If we start measuring our life & success only through appraisal percentage & job jumps then soon we will not need any food to survive, only an adapter connected to a plug point would satisfy our hunger. A great man once said “Travel is about the gorgeous feeling of teetering in the unknown” & whosoever he was, was bang on right. Withstanding the work pressure of the first quarter of the year & witnessing a non amusing Union Budget, on a Lazy gloomy Sunday afternoon while witnessing the world cup match between Pakistan & Zimbabwe over a cup of coffee, an idea which lead to this epic ride to the hills of Karnataka which provides the country with the best coffee we all always cherish. Believe it or not but sometimes itinerary & agenda, these two words should be dumped in the office bin. Just three of us, with different makes of motorcycles were all set within three days to roll out & witness the highways, hills & coastlines the country has to offer.  

Lately I have tried my level best to avoid being late, but then I always turn out to be a committed lover to my king size bed & then that alarm clock, who always ditch me on important days like this.
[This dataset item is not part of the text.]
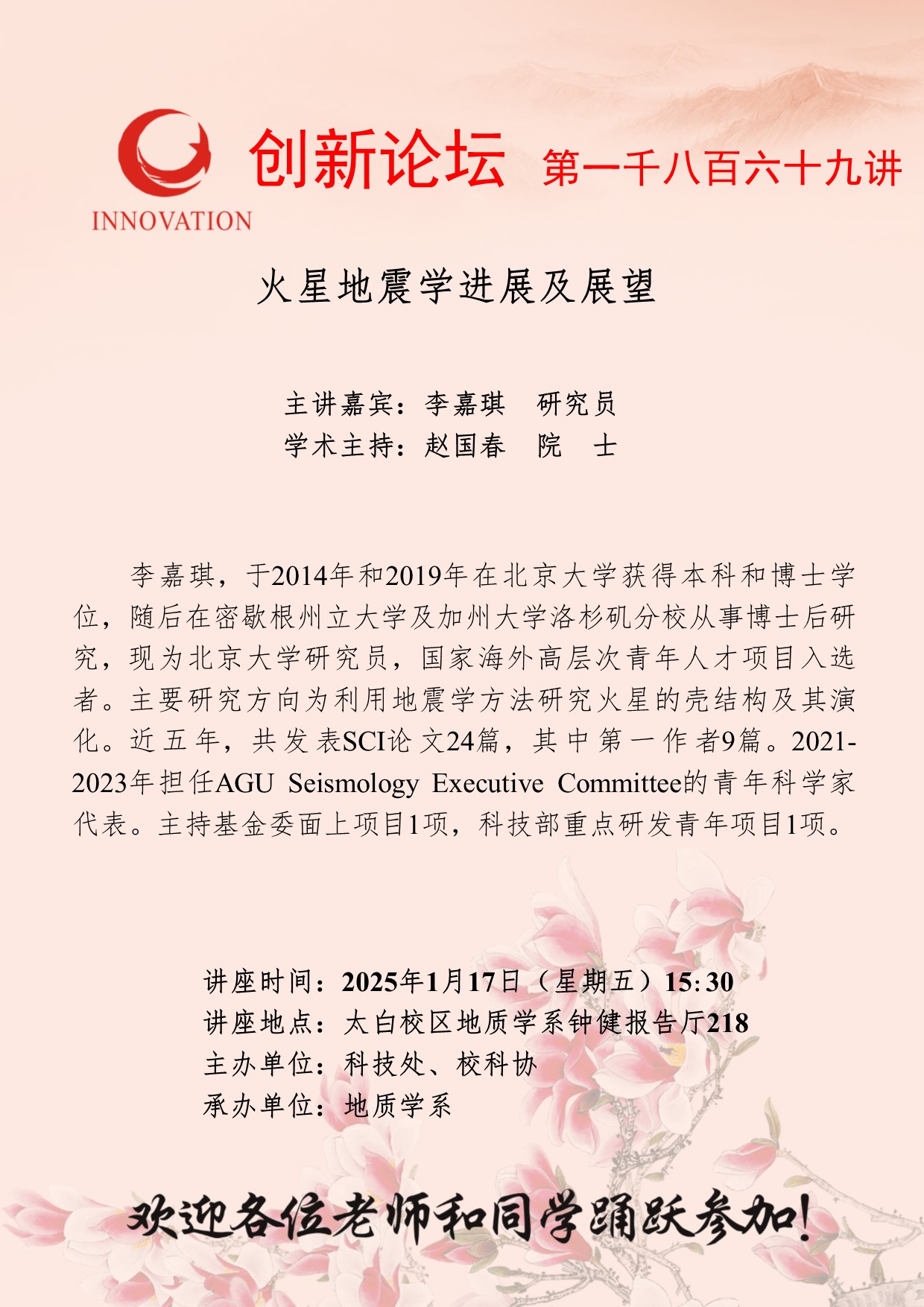 李嘉琪 研究员 欧冠官方网站创新论坛第一千八百六十九讲:火星地震学进展及展望 讲座时间 2025年1月17日(星期五)15:30 讲座地点 太白校区地质学系钟健报告厅218 讲座人介绍 李嘉琪 研究员 讲座内容

After few phone calls & sweet (really) messages from both Salil & Kunal, we finally took off for our first leg of the journey but not before waiving adieu to the city with a special cup of coffee near IIT Mumbai.

Chikmagalur3

The old Pune-Mumbai highway welcomed us with nice chilly foggy sunrise & our first break saw us struggling to find a good place for the breakfast, this is after we have already crossed the Pune City. By this time we had already covered a good distance of 180 kilometres & successfully avoided the office going traffic of Pune. By the time I was done with the breakfast, I was looking forward for the delectable food in Kolhapur for the lunch but then I had no clue what was there in the breakfast, we managed to reach Kolhapur just within two & half hours, too soon for lunch. A Malvani Thali with Kokum Sharbat for lunch at Nepani followed by a 15 minutes power nap to avoid the sun, we were just 170 kilometres short to Hubli, our first overnight halt. On our way to Hubli during a photography halt we decided to halt at Dhadwad, 25 kilometres away from Hubli in order to find a budget hotel for the night stay. Finally at 6 pm, we parked our bikes in the basement of Ankita Residency Hotel & we were already informed that dinner can be ordered through room service, we barely left our beds that evening.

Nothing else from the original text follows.